Sankey diagrams can be compared to those of flow networks, with a tendency to be acyclic and directed, where the links and nodes are proportional to the flow they carry. The three parameters that make up a Sankey are the nodes, the links, and the link weights. In this article, I will be referring to a set of nodes on the same level as a tier, where a tier can be a column in a dataframe for example, representing a stage in the Sankey.

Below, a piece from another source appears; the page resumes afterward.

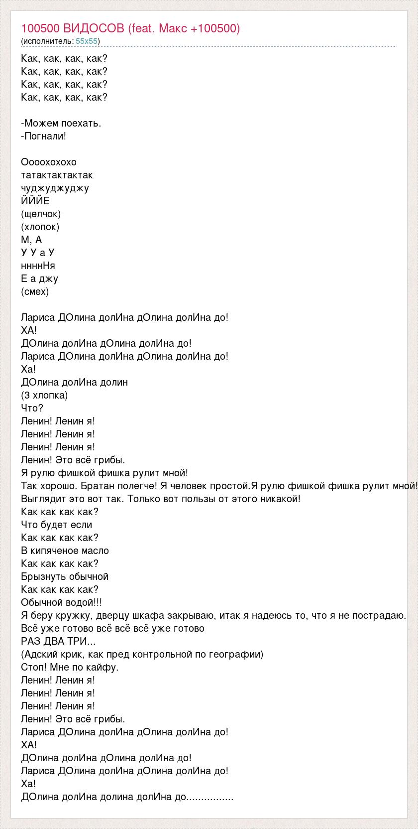 Как, как, как, как? Как, как, как, как? Как, как, как, как? Как, как, как, как? -Можем поехать. -Погнали! Оооохохохо татактактактак чуджуджуджу ЙЙЙЕ (щелчок) (хлопок) М, А У У а У ннннНя Е а джу (смех) Лариса ДОлина долИна дОлина долИна до! ХА! ДОлина долИна дОлина долИна до! Лариса ДОлина долИна дОлина долИна до! Ха! ДОлина долИна долин (3 хлопка) Что? Ленин! Ленин я! Ленин! Ленин я! Ленин! Ленин я! Ленин! Это всё грибы. Я рулю фишкой фишка рулит мной! Так хорошо. Братан полегче! Я человек простой.Я рулю фишкой фишка рулит мной! Выглядит это вот так. Только вот пользы от этого никакой! Как как как как? Что будет если Как как как как? В кипяченое масло Как как как как? Брызнуть обычной Как как как как? Обычной водой!!! Я беру кружку, дверцу шкафа закрываю, итак я надеюсь то, что я не пострадаю. Всё уже готово всё всё всё уже готово РАЗ ДВА ТРИ... (Адский крик, как пред контрольной по географии) Стоп! Мне по кайфу. Ленин! Ленин я! Ленин! Ленин я! Ленин! Ленин я! Ленин! Это всё грибы. Лариса ДОлина долИна дОлина долИна до! ХА! ДОлина долИна дОлина долИна до! Лариса ДОлина долИна дОлина долИна до! Ха! ДОлина долИна долина долИна до................

As a member of the Professional Services team, I first came across the Sankey Diagram on a client project that required a way to visualize the flow of a specific resource on a global scale. The goal was to see where a specific resource came from, where it was converted, and where it was shipped off. Supply chain is a great example of when to use a Sankey diagram as it naturally contains a set of stages to visualize. The complexity of coding this Sankey diagram came with allowing the user to select which columns of a pandas dataframe were to be used in the Sankey, meaning the Sankey could have anywhere from 2 to 8 tiers. The user was also able to filter the Sankey by node, change the link weights, which would vary by year, and group the tiers to only display a fixed number of nodes and aggregate the remaining ones into a single node. The following recording shows this particular Dash app in action.

Useful Sankey Diagrams

Sankeys are best used to visualize the flow of data from one stage to another, but more specifically, to represent how that flow is subdivided at each stage. For example, this could be the flow of resources, money, energy, or information and how it circulates within a country, business, company, or network, respectively. This type of visualization can help highlight bottlenecks, or identify areas of high significance. For instance, consider the example below which demonstrates the distribution of a country's tax resources. The diagram portrays each sector of the distribution along with its respective subcategories, showcasing the movement of money across different stages. This visual example offers readers a clear understanding of the intricate flow of funds with a simple glance at the diagram. For example, one can quickly see how little is spent on Education compared to other categories, or how much is spent on national defense in comparison to veterans benefits.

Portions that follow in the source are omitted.